Thursday, February 07, 2013

An Early Critic of Judicial Review

An Anti-Federalist, RobertYates, writing as Brutus in 1787, makes a couple of interesting points in the passage I include below. First of all, he notes, I have pointed out, that "Most of the articles in this system, which convey powers of any considerable importance, are conceived in general and indefinite terms, which are either equivocal, ambiguous, or which require long definitions to unfold the extent of their meaning."

Again, this was deliberate: when faced with a highly contested issue where it was very hard to achieve consensus, the framers solution was generally to write the thing up so vaguely that everyone could think their interpretation might prevail. This is obviously a real problem for those insisting we look to the original intent of the framers: How can we do that when the original intent was all over the place?

The second fascinating thing in Yates is his prediction that a Supreme Court established per the U.S. Constitution would have a tendency to interpret that document so as to grant itself more power. It only took until 1803 for Yates's prediction to be vindicated.In general, whether you like the way the U.S. government developed or not, the Constitution had many, many of the results the Anti-Federalists were warning about. My feeling is that if we could transport a typical Anti-Federalist to 2013, he would look around for a couple of days, and then proclaim, "I told you so!"

Enough, though, and on to Yates:
That the judicial power of the United States, will lean strongly in favor of the general government, and will give such an explanation to the constitution, as will favor an extension of its jurisdiction, is very evident from a variety of considerations. lst. The constitution itself strongly countenances such a mode of construction. Most of the articles in this system, which convey powers of any considerable importance, are conceived in general and indefinite terms, which are either equivocal, ambiguous, or which require long definitions to unfold the extent of their meaning. The two most important powers committed to any government, those of raising money, and of raising and keeping up troops, have already been considered, and shown to be unlimited by any thing but the discretion of the legislature. The clause which vests the power to pass all laws which are proper and necessary, to carry the powers given into execution, it has been shown, leaves the legislature at liberty, to do everything, which in their judgment is best. It is said, I know, that this clause confers no power on the legislature, which they would not have had without it-though I believe this is not the fact, Yet, admitting it to be, it implies that the constitution is not to receive an explanation strictly according to its letter; but more power is implied than is expressed. And this clause, if it is to be considered as explanatory of the extent of the powers given, rather than giving a new power, is to be understood as declaring that in construing any of the articles conveying power, the spirit, intent and design of the clause should be attended to, as welt as the words in their common acceptation.

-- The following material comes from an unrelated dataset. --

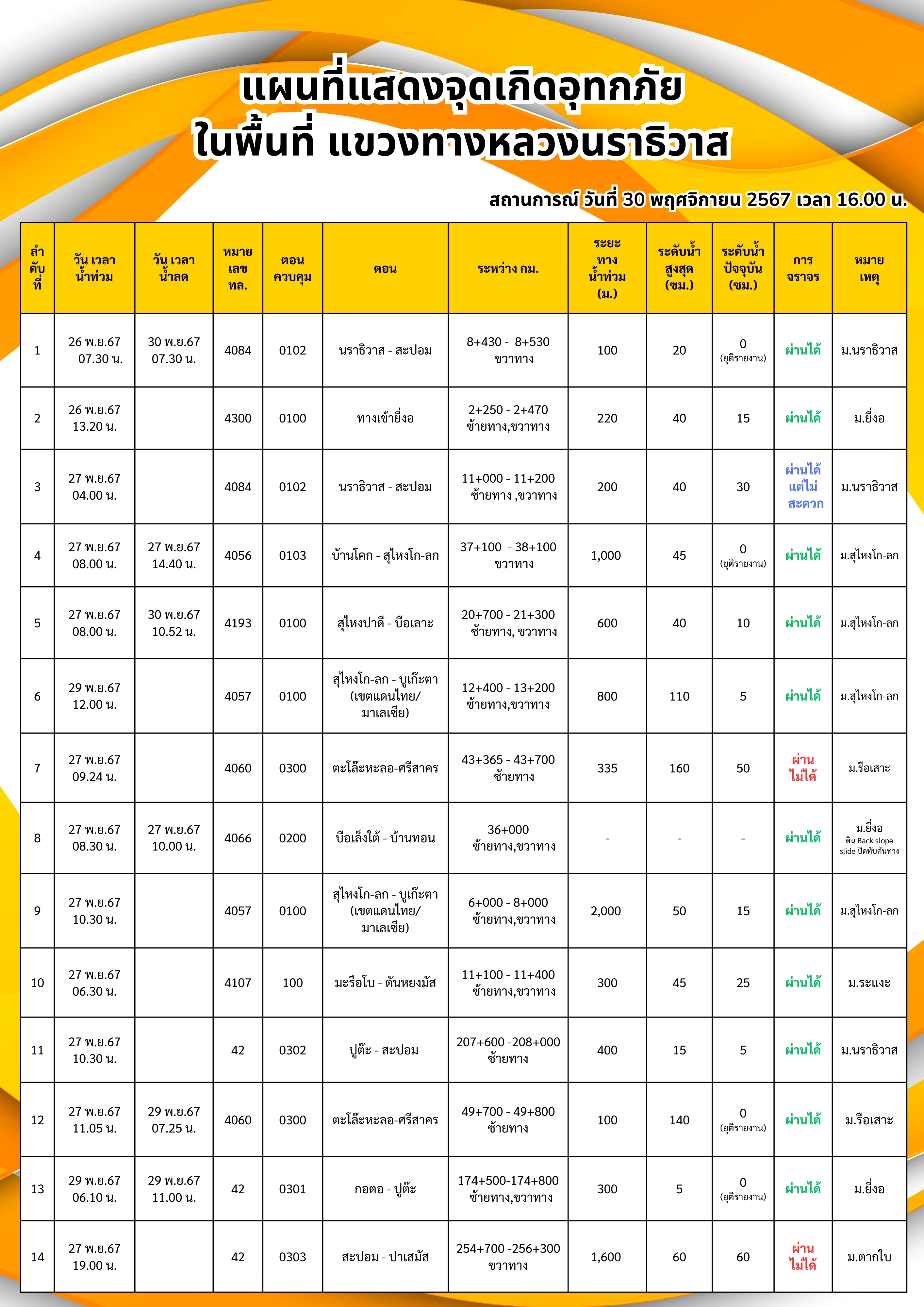 รายงานสถานการณ์อุทกภัยในพื้นที่จังหวัดนราธิวาส วันเวลาที่ update วันที่ 30 พ.ย. 67 เวลา 16.00 น.

This constitution gives sufficient color for adopting an equitable construction, if we consider the great end and design it professedly has in view. These appear from its preamble to be, "to form a more perfect union, establish justice, insure domestic tranquility, provide for the common defense, promote the general welfare, and secure the blessings of liberty to ourselves and posterity." The design of this system is here expressed, and it is proper to give such a meaning to the various parts, as will best promote the accomplishment of the end; this idea suggests itself naturally upon reading the preamble, and will countenance the court in giving the several articles such a sense, as will the most effectually promote the ends the constitution had in view. How this manner of explaining the constitution will operate in practice, shall be the subject of future inquiry.

2nd. Not only will the constitution justify the courts in inclining to this mode of explaining it, but they will be interested in using this latitude of interpretation. Every body of men invested with office are tenacious of power; they feel interested, and hence it has become a kind of maxim, to hand down their offices, with all its rights and privileges, unimpaired to their successors. The same principle will influence them to extend their power, and increase their rights; this of itself will operate strongly upon the courts to give such a meaning to the constitution in all cases where it can possibly be done, as will enlarge the sphere of their own authority. Every extension of the power of the general legislature, as well as of the judicial powers, will increase the powers of the courts; and the dignity and importance of the judges, will be in proportion to the extent and magnitude of the powers they exercise. I add, it is highly probable the emolument of the judges will be increased, with the increase of the business they will have to transact and its importance. From these considerations the judges will be interested to extend the powers of the courts, and to construe the constitution as much as possible, in such a way as to favor it; and that they will do it, appears probable.


  1. Someone earlier made the point on how accurate were the predictions of the forgotten Anti-Federalists, in contrast to the Federalists that are greatly respected (because they won, not because they were right):

  2. I never understood this line of argument. What's to say that federal government wouldn't have simply assumed those same powers without SCOTUS? The courts could only have functioned as a limitation on it.